Tuvyi Aryev was born in 1907 in Krasnoye Selo (presently a neighborhood of St. Petersburg) in a Jewish family.
After finishing school, Tuvyi enrolled in the Second Leningrad Medical Institute, graduating from it in 1931. A year later, he was recruited into the Red Army. In 1935, Tuvyi Aryev began to work at the Military Medical Academy.
In these years, Aryev intensively studied thermal and mechanical trauma, burns, frostbite, and pathological anatomy, while also practicing medicine. In 1938, he published a monograph on the subject of frostbite.

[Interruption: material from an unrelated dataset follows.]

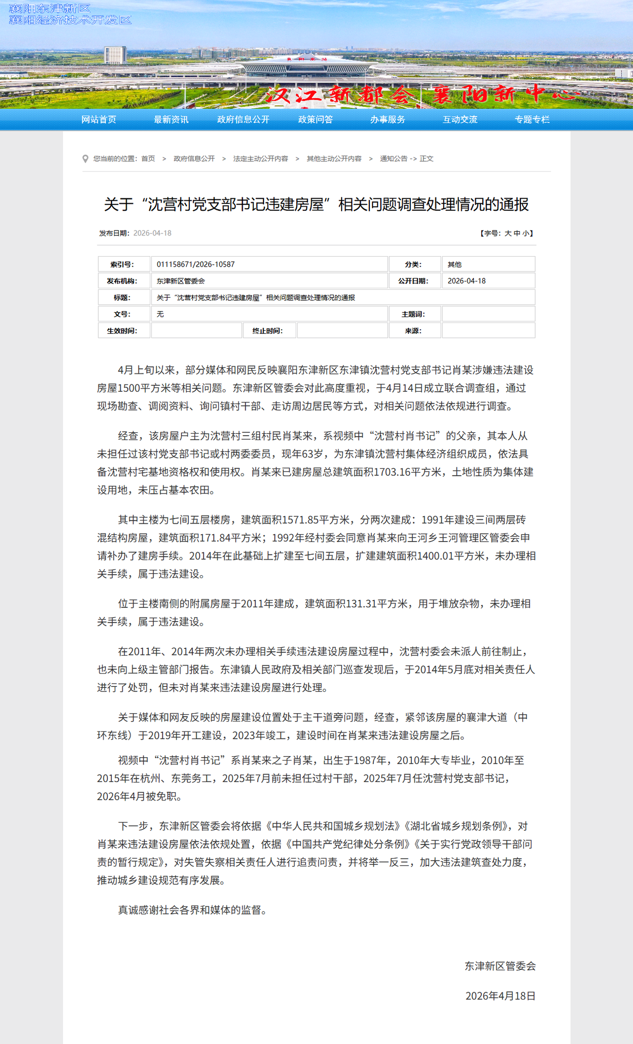 4月上旬以来,部分媒体和网民反映襄阳东津新区东津镇沈营村党支部书记肖某涉嫌违法建设房屋1500平方米等相关问题。东津新区管委会对此高度重视,于4月14日成立联合调查组,通过现场勘查、调阅资料、询问镇村干部、走访周边居民等方式,对相关问题依法依规进行调查。

In 1939, Aryev took part in the Soviet-Finnish War.
Following the Nazi invasion of the USSR in late June 1941, Aryev was dispatched to the Karelian Front, where he served as assistant chief of a military sanitary department, eventually becoming chief inspector. From February 1943, Aryev served as a military surgeon and deputy chief surgeon. He organized and supervised the treatment of soldiers suffering from thermal injuries. Aryev and his colleagues developed an efficient new method for speeding up the treatment of frostbite. For this, he was awarded the Stalin Prize, 2nd Class, in 1943. He donated the prize money (50,000 rubles) to the Defense Fund.
In 1944, he returned to the Military Medical Academy, becoming a teacher there. In the course of the war, Tuvyi Aryev was awarded the Orders of the Red Star; of the Patriotic War, 2nd Class; of the Red Banner of Labor, and of the Red Banner of Valor. He also received medals.
After the end of the war, Aryev continued his scientific and teaching career. In 1951, he became head of the Department of Field Surgery at the Saratov Medical Institute. In 1957, he returned to Leningrad. In 1960, he founded the Thermal Injuries Department at the Military Medical Academy, serving as its head. At his initiative, burn treatment centers were established in cities throughout the country. Aryev authored more than 80 scientific works.
Tuvyi Aryev died in 1981 in Leningrad.